My data analysis workflow depends on R. I tend to use old Matlab code, run in Octave or via oct2py, or new Python code for data data wrangling. I have moved to matplotlib and seaborn for all graphics. I still depend on R for basic stats, multivariate analyses, and machine learning. There is so much in the R universe and, with the easy-to-use rpy2 library, there is no reason not to use R.

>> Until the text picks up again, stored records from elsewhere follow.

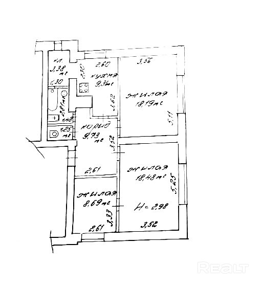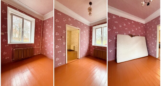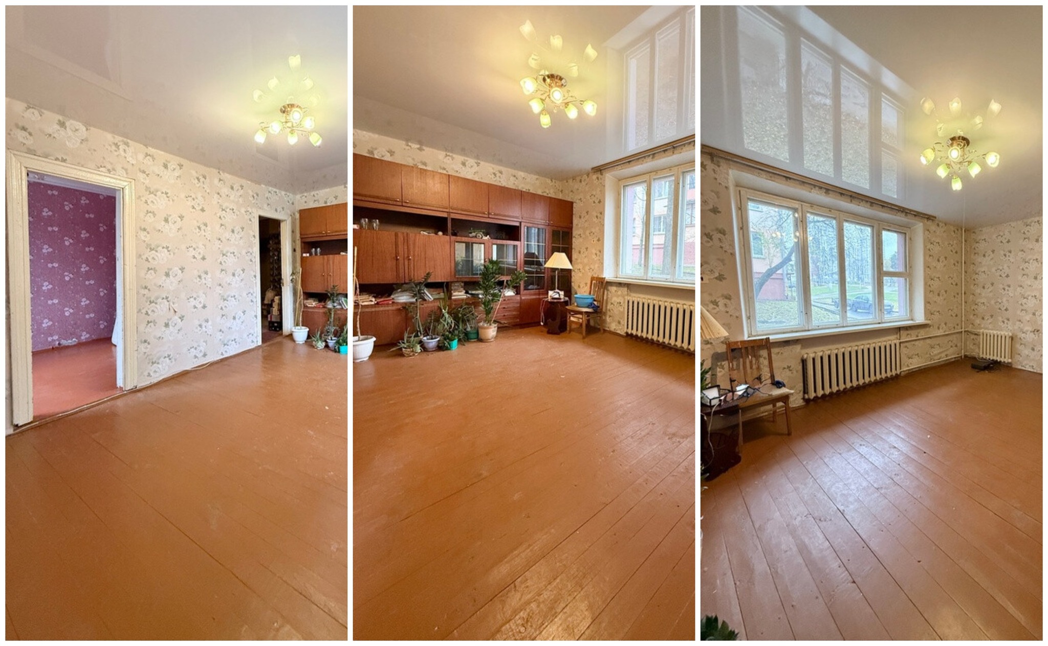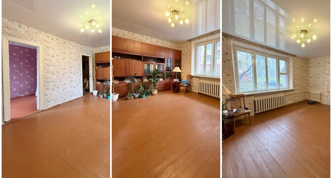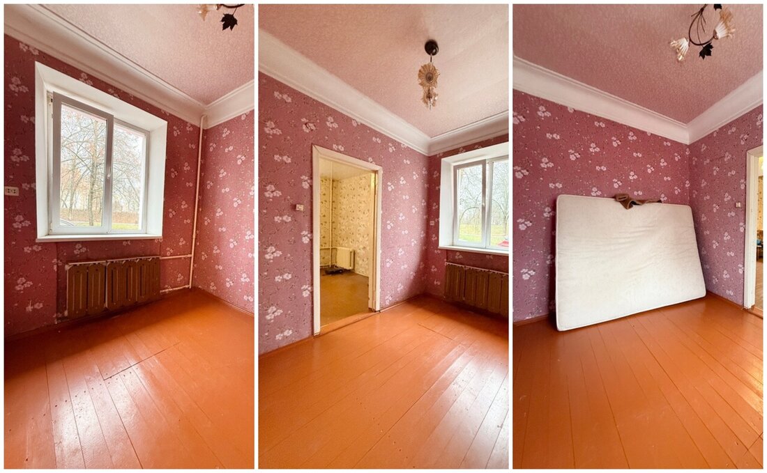 Квартира требует ремонта. Тут лежат дощатые полы, стоят деревянные рамы в окнах. Одна из комнат — проходная. Кстати, есть здесь и лоджия. Она занимает длину двух комнат, но выход находится только в одной.
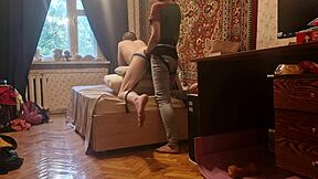 Anastasia Pegs Slave Sasha Earth in Homemade Russian Femdom Strapon Session
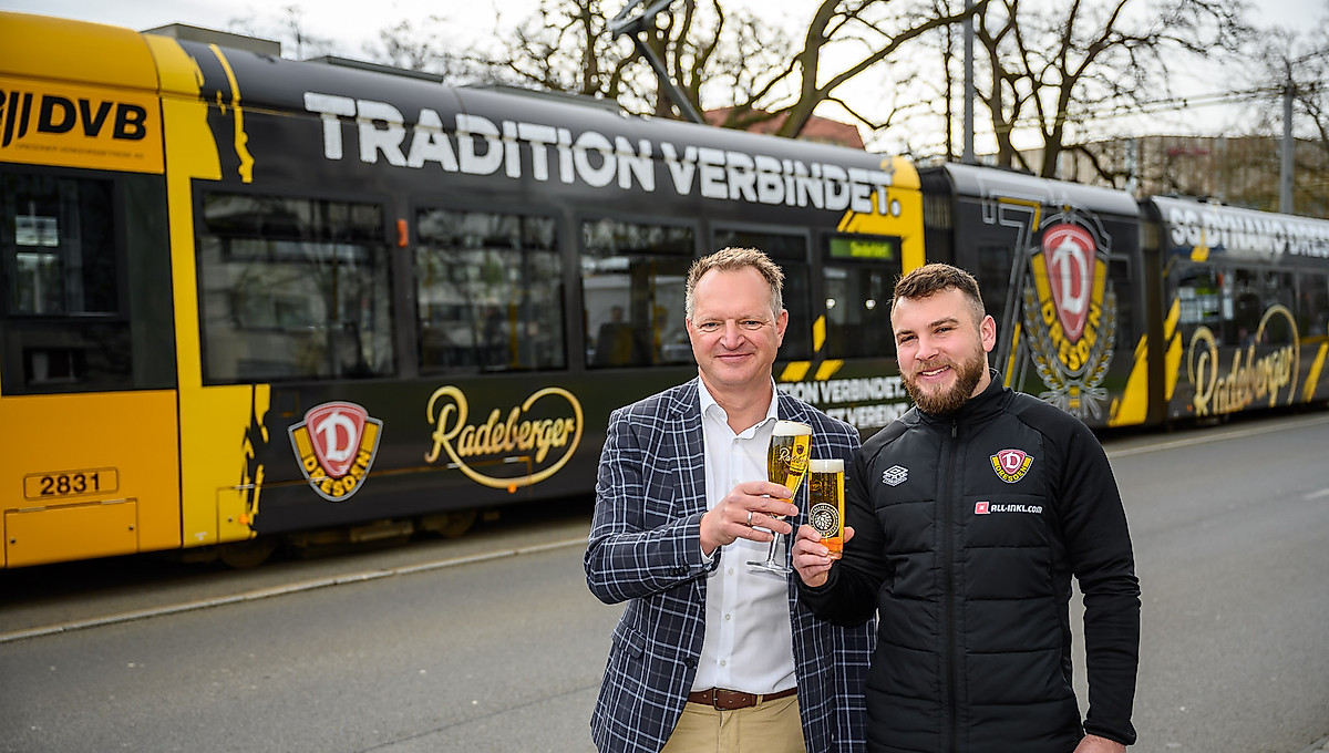 Der Slogan „Tradition verbindet. Leidenschaft vereint.“ strahlt nicht nur in großen Lettern vom Stadtbahnwagen, sondern steht vor allem für die enge Partnerschaft zwischen der SG Dynamo Dresden und ihrem Exklusiv- und Bierpartner Radeberger.
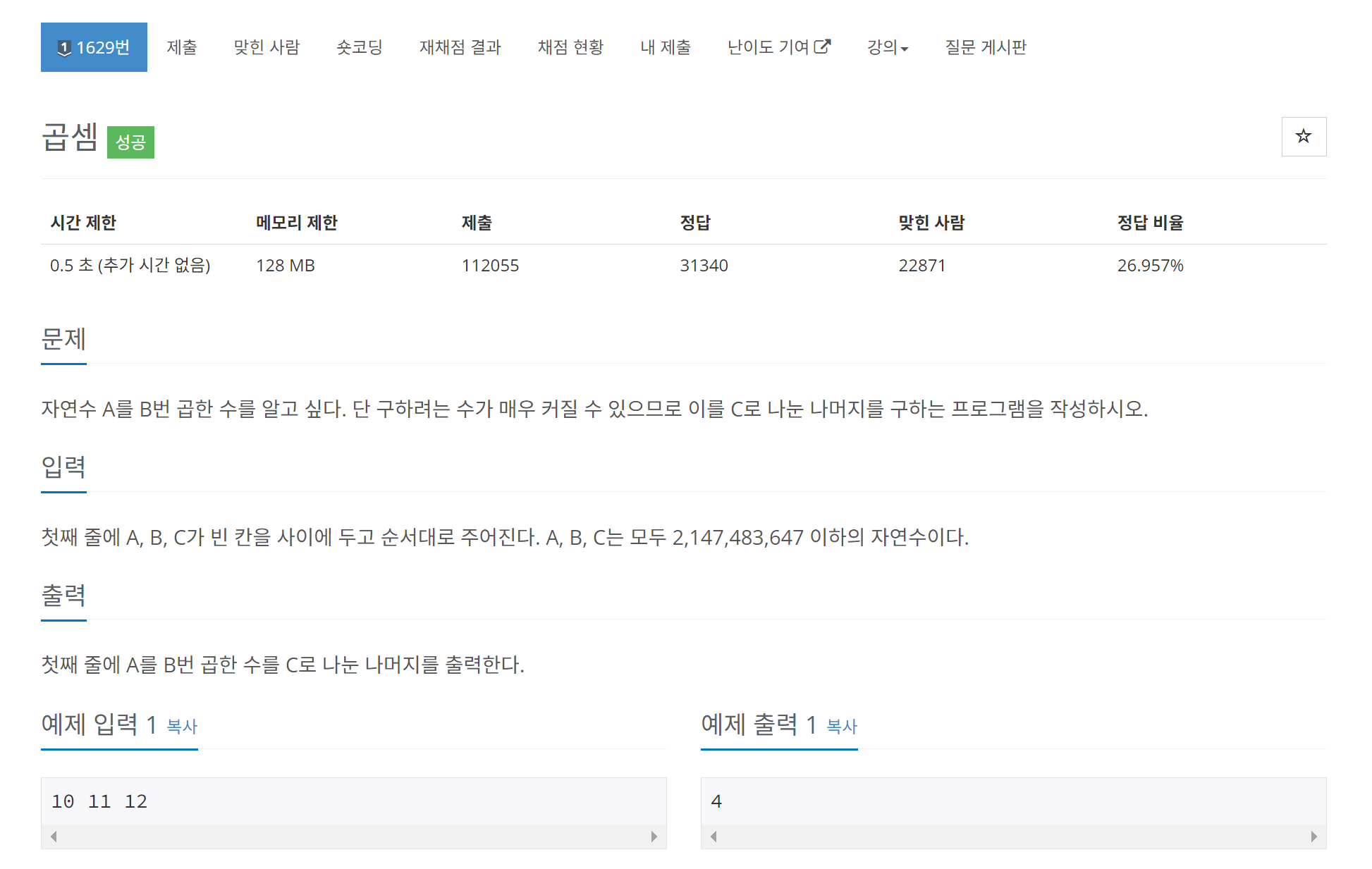 그리고 재귀를 통해서 지수가 1이 나올때까지 나눠주고 나중에 합치는 방식으로 문제를 해결했다.
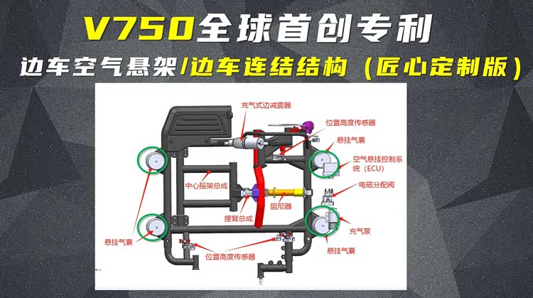 这款长江V750将会在主车架配套KYB减震器的基础上,率先融入了自适应汽车级空气悬挂,让整体结构发生了质的变化。
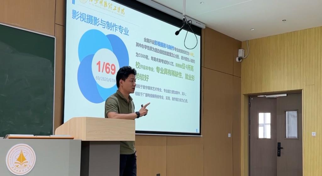 2024 年 10 月 16 日中午,艺术与设计学院影视摄影与制作专业教师与大一学生齐聚一堂,开启了一场关于专业的深度探索之旅,专业负责人朱宇老师进行了专业介绍,专业李东刚、杨宇堃、牛童、刘强、雷昕宇老师共同参与。
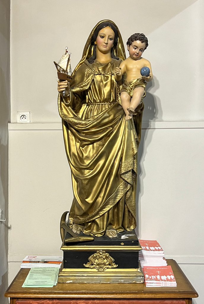 L’église de La Seyne possède aussi une Vierge honorée en Algérie Française, Notre-Dame de Stora rescapée d’une tempête en Méditerranée le 25 janvier 1841, événement durant lequel trente et un navires au mouillage ont coulé dans le golfe de Stora (est algérien) sauf La Marne, une corvette de charge dont le capitaine avait formé le vœu de la déposer dans le premier port atteint. En l’occurrence Stora. Rapatriée à La Seyne en 1964, elle se trouve maintenant dans la chapelle qui lui est consacrée, annexe de l’église paroissiale Notre-Dame-du-Bon-Voyage*.
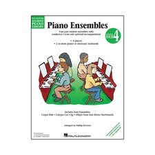 Four-part student ensembles arranged for two or more pianos. These ensembles, arranged by Phillip Keveren, feature student favorites from Book 4 of the Hal Leonard Student Piano Library. Each book contains four selections which include: · Four student parts · Conductor's score with optional teacher accompaniment · Performance configurations for 2 or more pianos · Suggested instrumentation for electronic keyboards. Fully orchestrated CD and GM accompaniment disks are available separately. Four ensembles: Carpet Ride · Calypso Cat · Jig · Allegro from Eine Kleine Nachtmusik.
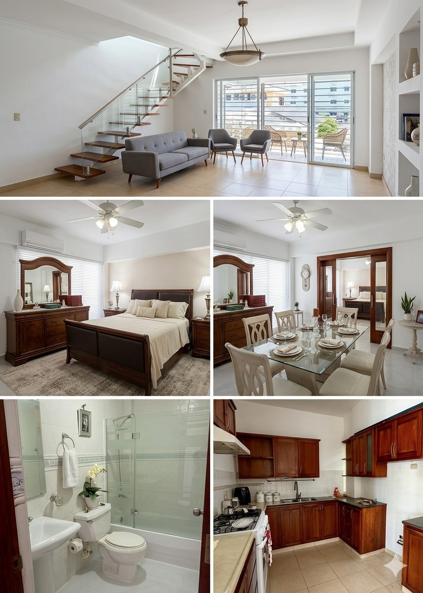 Disfrute de una vida de lujo en el corazón de Piantini, la zona más exclusiva de Santo Domingo. Este departamento de 2 dormitorios, con un diseño precioso, está totalmente equipado para estancias cortas o largas y cuenta con una cocina moderna, wifi de alta velocidad y aire acondicionado en todas las habitaciones. Disfrute de una impresionante azotea con piscina, áreas de descanso y vistas a la ciudad, ideal para relajarse después de un día de actividades. Con una ubicación ideal cerca de los mejores restaurantes, centros comerciales y centros de negocios.
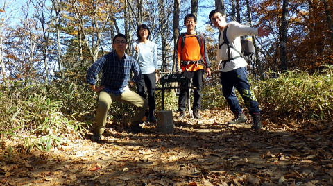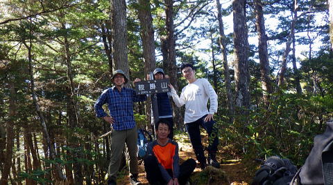 鞍掛山分岐から山頂までも一部緊張する箇所ありましたが無事に通過。山頂は展望ありませんが、記念写真だけパシャリ。
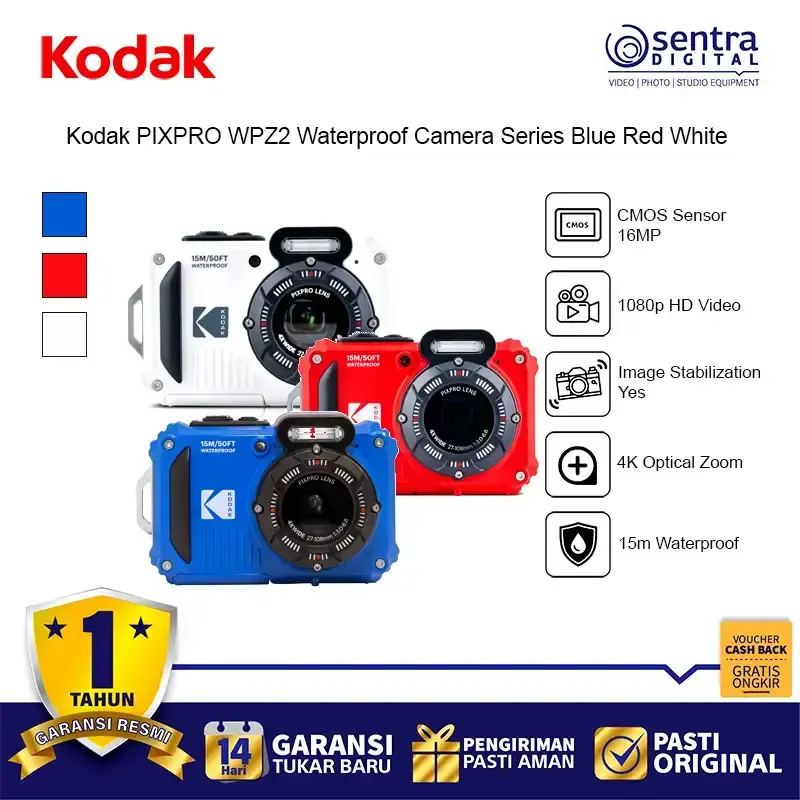 Kodak PIXPRO WPZ2 adalah kamera digital tangguh yang dirancang khusus untuk petualangan luar ruangan berkat kemampuannya yang tahan air hingga kedalaman 15 meter, tahan guncangan dari ketinggian 2 meter, dan tahan terhadap debu. Kamera ini dilengkapi dengan sensor BSI CMOS 16 megapiksel yang mampu menghasilkan foto detail dan rekaman video Full HD 1080p dengan performa baik dalam kondisi cahaya rendah. Fitur zoom optik 4x dan konektivitas Wi-Fi terintegrasi memudahkan pengguna untuk menangkap momen dari jarak jauh serta membagikannya langsung ke perangkat pintar. Dengan desain yang ergonomis dan antarmuka yang ramah pengguna, kamera ini menjadi pilihan ideal bagi keluarga maupun individu yang membutuhkan perangkat dokumentasi tangguh untuk aktivitas ekstrem seperti snorkeling atau mendaki tanpa perlu khawatir akan kerusakan lingkungan.
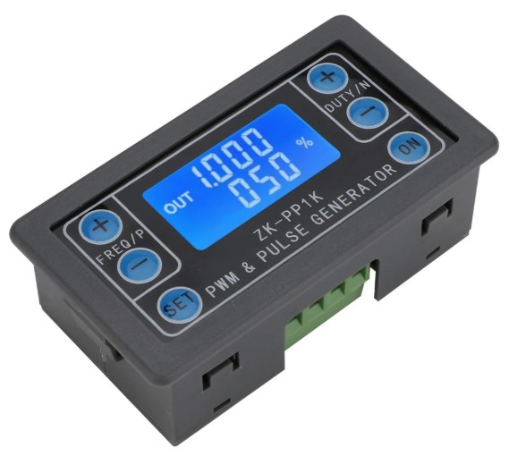 For the price of a few dollars we get a pulse generator with adjustable frequencies from 1Hz to 150kHz, and a duty cycle from 1 to 99%. It even has a small LCD display on which the selected values are displayed. You can notice that I use this module in a number of my previous projects. It can be powered by a voltage from 3 to 30V and the amplitude of the output signal is equal to the supply voltage.
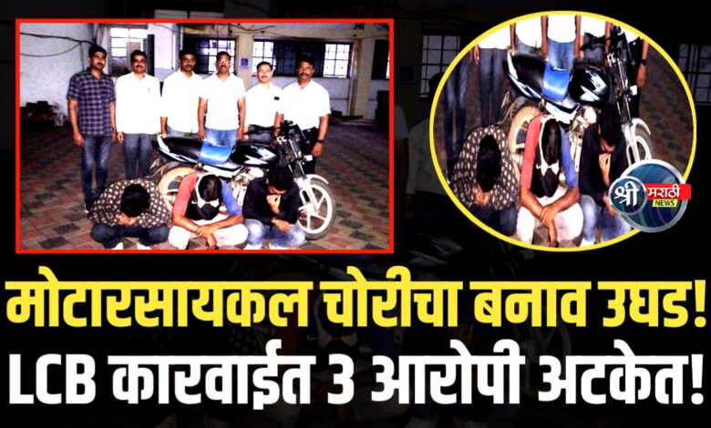 जळगाव प्रतिनिधी | श्री मराठी न्यूज जळगाव जिल्ह्यात गेल्या काही महिन्यांपासून मोटारसायकल व सायकल चोरीच्या घटनांमध्ये वाढ झाल्यामुळे पोलीस यंत्रणा सतर्क झाली असून, या संदर्भात मोठी आणि महत्त्वाची कारवाई करत स्थानिक गुन्हे शाखा (LCB), जळगावच्या पथकाने मोटारसायकल चोरीचा बनाव उघडकीस आणून तीन आरोपींना अटक केली आहे.
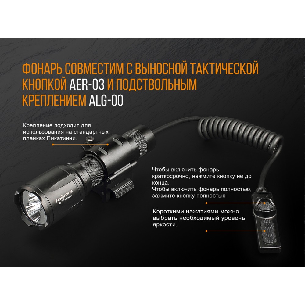 Поскольку модель TK25 Red создана, в первую очередь, для охотников, она совместима с фирменными креплениями для оружия и выносной кнопки управления. Но применение этого фонаря очень обширно. В частности, он совместим и с велосипедными креплениями, а также разными фильтрами и рассеивателями.

%R magic is provided by rpy2, and it works really well for interactive data analysis or one-off calls to specialized libraries from CRAN. However, for more intesive analyses of data from multiple experiemnts, I found issues with memory management in rpy2 (documented here). My laptop PC does not have enough RAM (8 GBs) for me to run through a batch of LFPs files from, say, a dozen experiment (e.g. 12x16 or 192 channels with typically more than a million samples. It took a bit of work to figure out how to release and clean memory between channels or files. I tried to document my solutions to this issue in the post below.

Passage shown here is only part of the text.